Would you retype, word for word, the line with "Vestido midi em" and each line after it to the end of the entries below, leaving the pictures out?

Start of Provided records

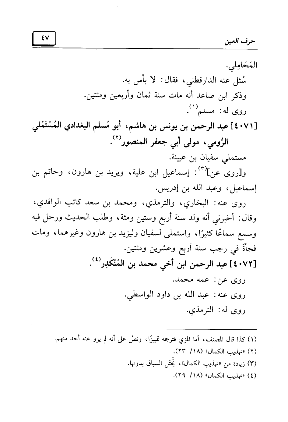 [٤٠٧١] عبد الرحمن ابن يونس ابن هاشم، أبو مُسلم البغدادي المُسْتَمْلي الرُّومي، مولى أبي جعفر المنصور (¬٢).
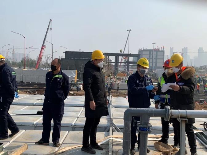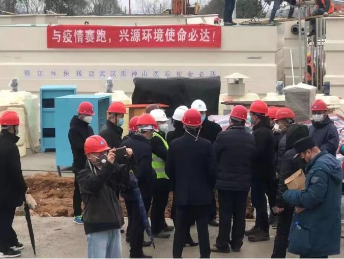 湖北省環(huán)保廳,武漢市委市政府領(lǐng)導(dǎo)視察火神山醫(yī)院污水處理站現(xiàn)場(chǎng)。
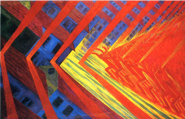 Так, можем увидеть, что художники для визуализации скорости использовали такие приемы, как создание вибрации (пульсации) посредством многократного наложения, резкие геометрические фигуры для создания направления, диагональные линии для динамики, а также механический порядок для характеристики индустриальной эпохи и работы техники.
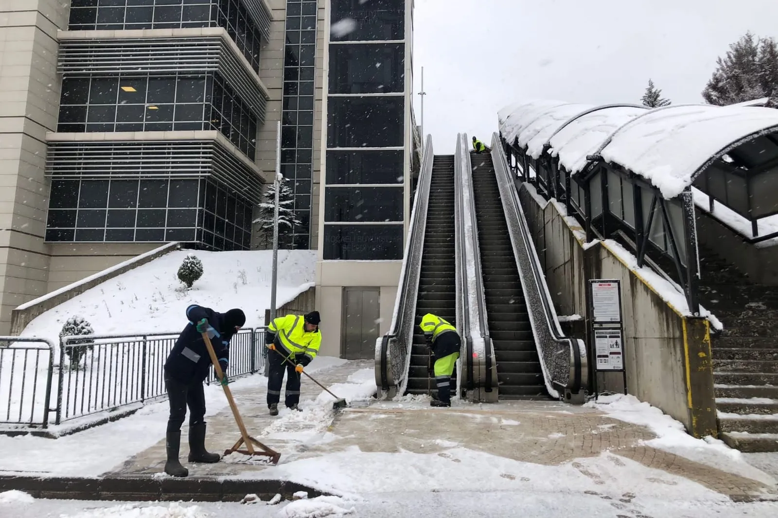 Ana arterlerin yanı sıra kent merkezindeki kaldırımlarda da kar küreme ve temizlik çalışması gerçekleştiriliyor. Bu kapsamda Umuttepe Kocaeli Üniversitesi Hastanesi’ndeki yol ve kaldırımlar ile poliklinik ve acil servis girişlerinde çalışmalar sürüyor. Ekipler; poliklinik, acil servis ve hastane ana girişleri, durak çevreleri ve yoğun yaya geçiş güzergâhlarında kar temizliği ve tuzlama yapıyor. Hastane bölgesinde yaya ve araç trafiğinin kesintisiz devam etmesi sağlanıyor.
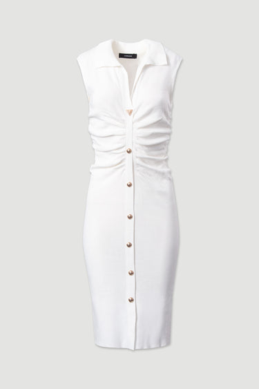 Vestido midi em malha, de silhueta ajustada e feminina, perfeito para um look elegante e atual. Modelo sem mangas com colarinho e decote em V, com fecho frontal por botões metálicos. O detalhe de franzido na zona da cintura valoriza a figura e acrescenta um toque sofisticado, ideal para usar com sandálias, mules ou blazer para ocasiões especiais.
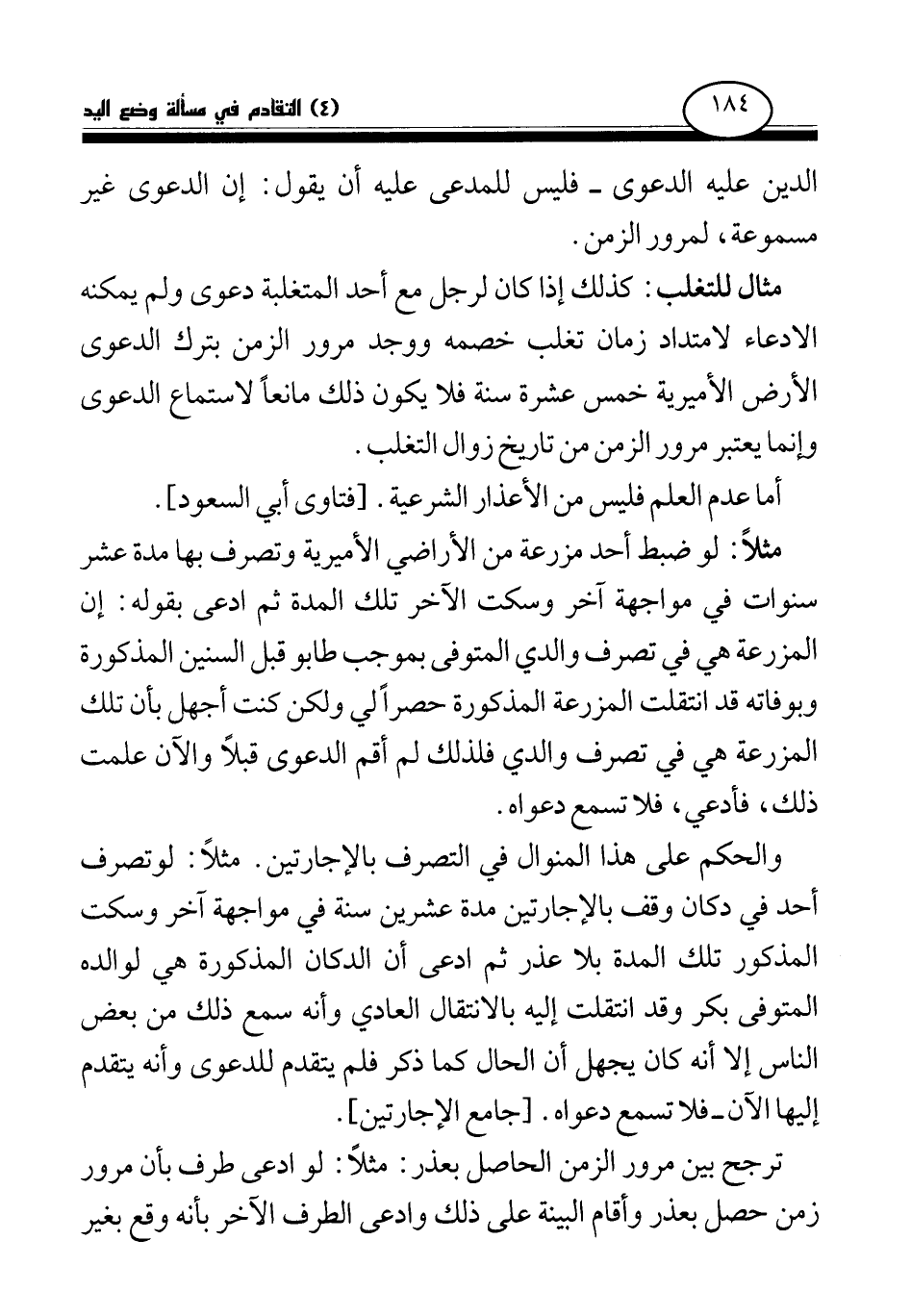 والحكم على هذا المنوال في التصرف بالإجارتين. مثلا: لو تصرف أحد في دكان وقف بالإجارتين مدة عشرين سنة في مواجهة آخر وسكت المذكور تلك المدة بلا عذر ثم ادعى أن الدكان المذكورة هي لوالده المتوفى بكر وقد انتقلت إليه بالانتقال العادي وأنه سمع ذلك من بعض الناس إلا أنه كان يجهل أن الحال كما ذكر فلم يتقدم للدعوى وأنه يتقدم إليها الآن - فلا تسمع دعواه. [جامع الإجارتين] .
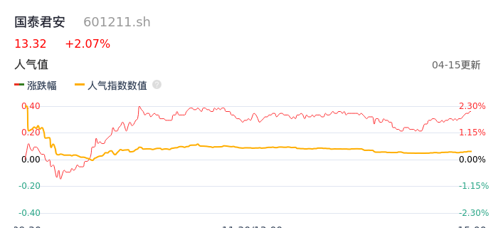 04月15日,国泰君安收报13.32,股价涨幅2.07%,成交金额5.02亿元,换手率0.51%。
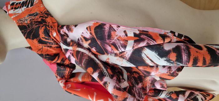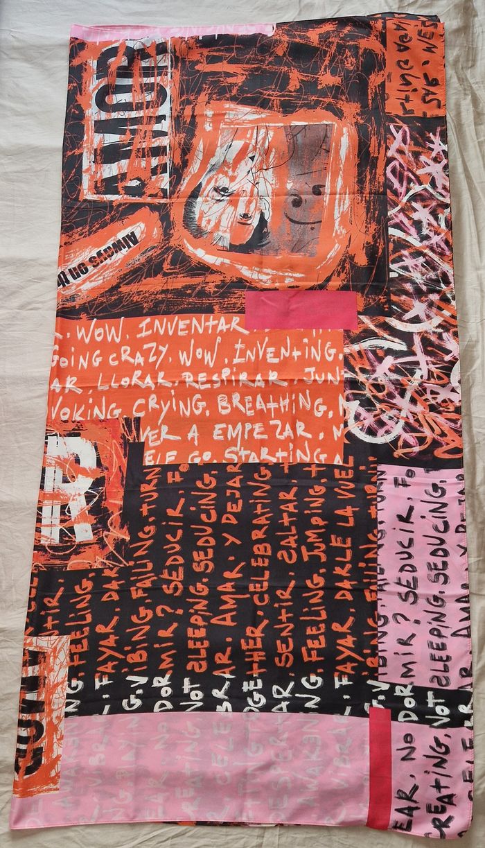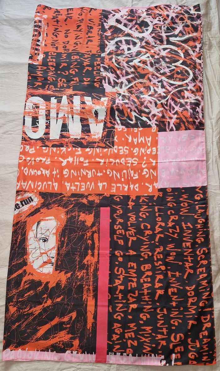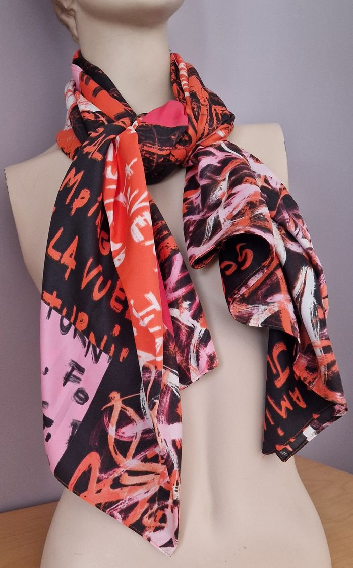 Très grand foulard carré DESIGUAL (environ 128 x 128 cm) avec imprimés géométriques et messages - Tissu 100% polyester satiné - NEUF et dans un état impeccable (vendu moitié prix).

End of Provided records

◆ Written answer:
 Vestido midi em malha, de silhueta ajustada e feminina, perfeito para um look elegante e atual. Modelo sem mangas com colarinho e decote em V, com fecho frontal por botões metálicos. O detalhe de franzido na zona da cintura valoriza a figura e acrescenta um toque sofisticado, ideal para usar com sandálias, mules ou blazer para ocasiões especiais.
 والحكم على هذا المنوال في التصرف بالإجارتين. مثلا: لو تصرف أحد في دكان وقف بالإجارتين مدة عشرين سنة في مواجهة آخر وسكت المذكور تلك المدة بلا عذر ثم ادعى أن الدكان المذكورة هي لوالده المتوفى بكر وقد انتقلت إليه بالانتقال العادي وأنه سمع ذلك من بعض الناس إلا أنه كان يجهل أن الحال كما ذكر فلم يتقدم للدعوى وأنه يتقدم إليها الآن - فلا تسمع دعواه. [جامع الإجارتين] .
 04月15日,国泰君安收报13.32,股价涨幅2.07%,成交金额5.02亿元,换手率0.51%。
 Très grand foulard carré DESIGUAL (environ 128 x 128 cm) avec imprimés géométriques et messages - Tissu 100% polyester satiné - NEUF et dans un état impeccable (vendu moitié prix).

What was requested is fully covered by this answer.